In addition, the apparatus 200 further comprises a ranking circuitry 212 that may score each of the active agents that have been applied to the analyzed cells and/or rank each of the active agents. The ranking circuitry 212 may utilize one or more statistical models to perform such a scoring and/or ranking. The ranking circuitry 212 may utilize a cell-by-gene matrix to generate the scores and/or ranking. In such an embodiment, the ranking circuitry 212 may first convert the cell-by-gene matrix into an array. The ranking circuitry 212 may then remove the first column in the array, the first column including, in an example, the agent identities. Next, the ranking circuitry 212 may generate an average of the values in the array and then define the number of instances in the array. The ranking circuitry 212 may then use a statistical model, such as the Wilcoxon sign-rank test, to generate the score and/or rank. The ranking circuitry 212 may utilize processor 202, memory 204, or any other hardware component included in the apparatus 200 to perform these operations, as described in connection with FIGS. 1A-1B above and FIGS. 3-4 below. The ranking circuitry 212 may further utilize communications circuitry 206 to gather data from a variety of sources (such as, from the analysis circuitry 210, storage device 116, and/or, as noted, an OMICS sequencer 112) and may utilize input-output circuitry 208 to receive data from a user (for example, the ranking circuitry 212 may receive data and/or a cell-by gene matrix from a user interface).
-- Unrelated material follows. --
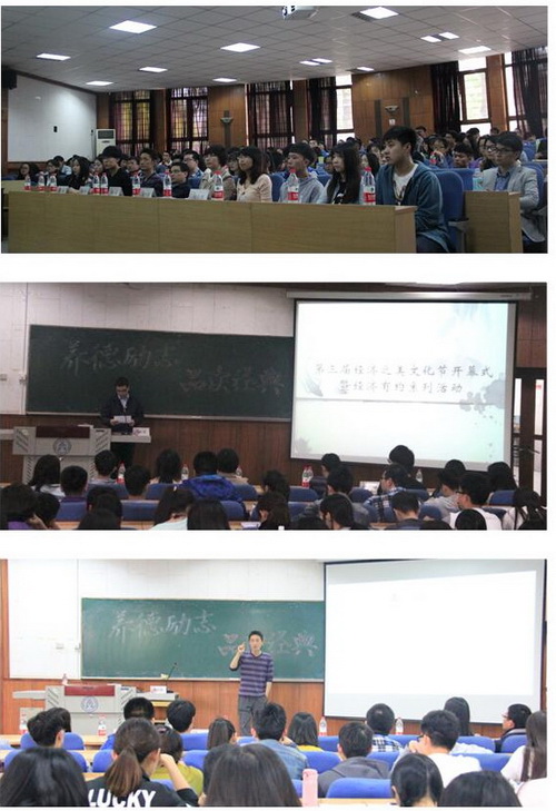 4月27日下午,经济学院第三届经济之美文化节开幕式暨经济有约系列活动第十一期活动在三教110 举行。本次活动的主题为养德励志,品读经典,特邀经济学院经济系黄卫华博士作讲座,院长刘小军、党委副书记张玉娟、国贸系辅导员杜志惠出席。

Although components 202-212 are described in part using functional language, it will be understood that the particular implementations necessarily include the use of particular hardware. It should also be understood that certain of these components 202-212 may include similar or common hardware. For example, the analysis circuitry 210 and ranking circuitry 212 may each at times leverage use of the processor 202, memory 204, communications circuitry 206, or input-output circuitry 208, such that duplicate hardware is not required to facilitate operation of these physical elements of the apparatus 200 (although dedicated hardware elements may be used for any of these components in some embodiments, such as those in which enhanced parallelism may be desired). Use of the terms “circuitry,” and “engine” with respect to elements of the apparatus therefore shall be interpreted as necessarily including the particular hardware configured to perform the functions associated with the particular element being described. Of course, while the terms “circuitry” and “engine” should be understood broadly to include hardware, in some embodiments, the terms “circuitry” and “engine” may in addition refer to software instructions that configure the hardware components of the apparatus 200 to perform the various functions described herein.
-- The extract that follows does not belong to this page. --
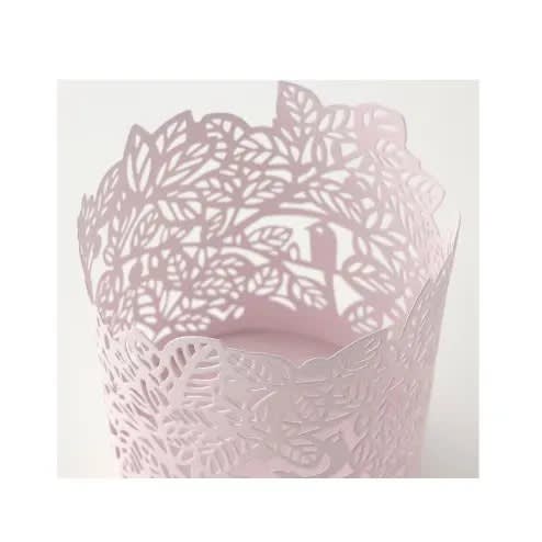 The warm light from the candle shines decoratively through the flowery pattern on the candle holder.
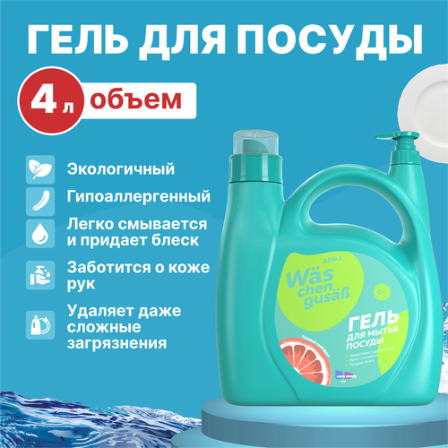 Средство гель для мытья посуды Грейпфрут Was / ВАС 4 л

Although the analysis circuitry 210 and ranking circuitry 212 may leverage processor 202, memory 204, communications circuitry 206, or input-output circuitry 208 as described above, it will be understood that any of these elements of apparatus 200 may include one or more dedicated processor, specially configured field programmable gate array (FPGA), or application specific interface circuit (ASIC) to perform its corresponding functions, and may accordingly leverage processor 202 executing software stored in a memory (such as, memory 204), or memory 204, communications circuitry 206 or input-output circuitry 208 for enabling any functions not performed by special-purpose hardware elements. In all embodiments, however, it will be understood that the analysis circuitry 210 and ranking circuitry 212 are implemented via particular machinery designed for performing the functions described herein in connection with such elements of apparatus 200.
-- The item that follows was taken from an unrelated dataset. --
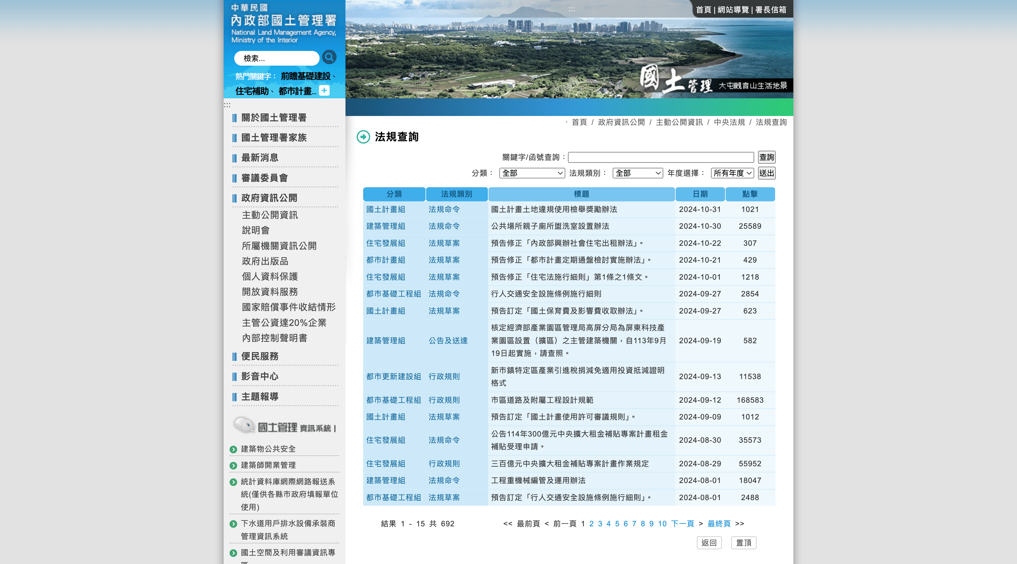 | Public Place Parent-Child Toilet and Washroom Installation Measures              | Building Management Division       | Regulatory Order | 2024-10-30 | Regulation Content… | [https://www.nlma.gov.tw//政府資訊公開/主動公開資訊/中央法規/法規查詢/30-建管組/28714-公共場所親子廁所盥洗室設置辦法.html](https://www.nlma.gov.tw/%E6%94%BF%E5%BA%9C%E8%B3%87%E8%A8%8A%E5%85%AC%E9%96%8B/%E4%B8%BB%E5%8B%95%E5%85%AC%E9%96%8B%E8%B3%87%E8%A8%8A/%E4%B8%AD%E5%A4%AE%E6%B3%95%E8%A6%8F/%E6%B3%95%E8%A6%8F%E6%9F%A5%E8%A9%A2/30-%E5%BB%BA%E7%AE%A1%E7%B5%84/28714-%E5%85%AC%E5%85%B1%E5%A0%B4%E6%89%80%E8%A6%AA%E5%AD%90%E5%BB%81%E6%89%80%E7%9B%A5%E6%B4%97%E5%AE%A4%E8%A8%AD%E7%BD%AE%E8%BE%A6%E6%B3%95.html)                                                   |

In some embodiments, various components of the apparatus 200 may be hosted remotely (such as, by one or more cloud servers) and thus need not physically reside on the corresponding apparatus 200. Thus, some or all of the functionality described herein may be provided by third party circuitry. For example, a given apparatus 200 may access one or more third party circuitries via any sort of networked connection that facilitates transmission of data and electronic information between the apparatus 200 and the third party circuitries. In turn, that apparatus 200 may be in remote communication with one or more of the other components describe above as comprising the apparatus 200.

As will be appreciated based on this disclosure, example embodiments contemplated herein may be implemented by an apparatus 200. Furthermore, some example embodiments may take the form of a computer program product comprising software instructions stored on at least one non-transitory computer-readable storage medium (for example, memory 204). Any suitable non-transitory computer-readable storage medium may be utilized in such embodiments, some examples of which are non-transitory hard disks, CD-ROMs, flash memory, optical storage devices, and magnetic storage devices. It should be appreciated, with respect to certain devices embodied by apparatus 200 as described in FIG. 2, that loading the software instructions onto a computing device or apparatus produces a special-purpose machine comprising the means for implementing various functions described herein.

Having described specific components of example apparatus 200, example embodiments of the present disclosure are described below in connection with a series of graphical user interfaces and flowcharts.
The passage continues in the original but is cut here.